Groß-Simbabwe (ca. 11. bis 15. Jahrhundert n. Chr.)
Bekannt für: Seine gewaltigen Steinmonumente, darunter der berühmte elliptische Tempel. Es war das Zentrum eines großen Handelsreiches, das Gold, Elfenbein und Kupfer exportierte. Der Name "Zimbabwe" bedeutet "Steinhäuser" in der Shona-Sprache.
Königreich der Mutapa (Nachfolger von Groß-Simbabwe, 15. bis 18. Jahrhundert n. Chr.)

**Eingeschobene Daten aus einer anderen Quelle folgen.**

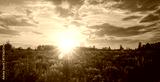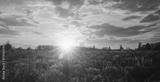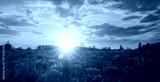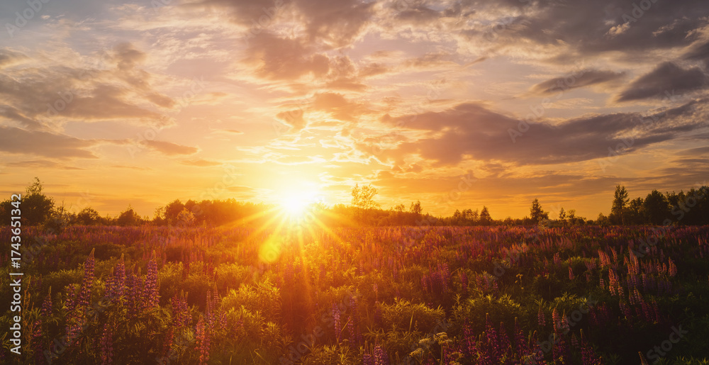 Summer landscape with purple wild flower lupine field and bright sunrise or sunset sky. Nature scenic backdrop for calm, peace, and serenity concept. Vintage film aesthetic.

Bekannt für: Seine Kontrolle über die Goldminen und Handelsrouten, die bereits von Groß-Simbabwe etabliert wurden.
Weitere wichtige Aspekte:
Wissenschaft und Bildung: Die Universität von Timbuktu (Sankore) mit ihren Tausenden von Manuskripten in Astronomie, Medizin, Recht und Philosophie ist ein herausragendes Beispiel.
Architektur: Die sudano-sahelische Architektur (z.B. die Große Moschee von Djenné) ist einzigartig und beeindruckend.
Kunst: Die künstlerischen Leistungen, von den Benin-Bronzen über die Terrakotta-Figuren der Nok-Kultur bis zur Musik und Textilkunst, sind von unschätzbarem Wert.
Zusammenfassend lässt sich sagen:
Die Geschichte Afrikas südlich der Sahara ist reich an vielfältigen und einflussreichen Hochkulturen. Deren Errungenschaften wurden lange Zeit heruntergespielt oder ignoriert, um koloniale Eroberungen zu rechtfertigen. Die moderne Archäologie und Geschichtswissenschaft bringt diese faszinierenden Zivilisationen immer mehr ans Licht und revidiert das veraltete Bild eines "geschichtslosen" Kontinents.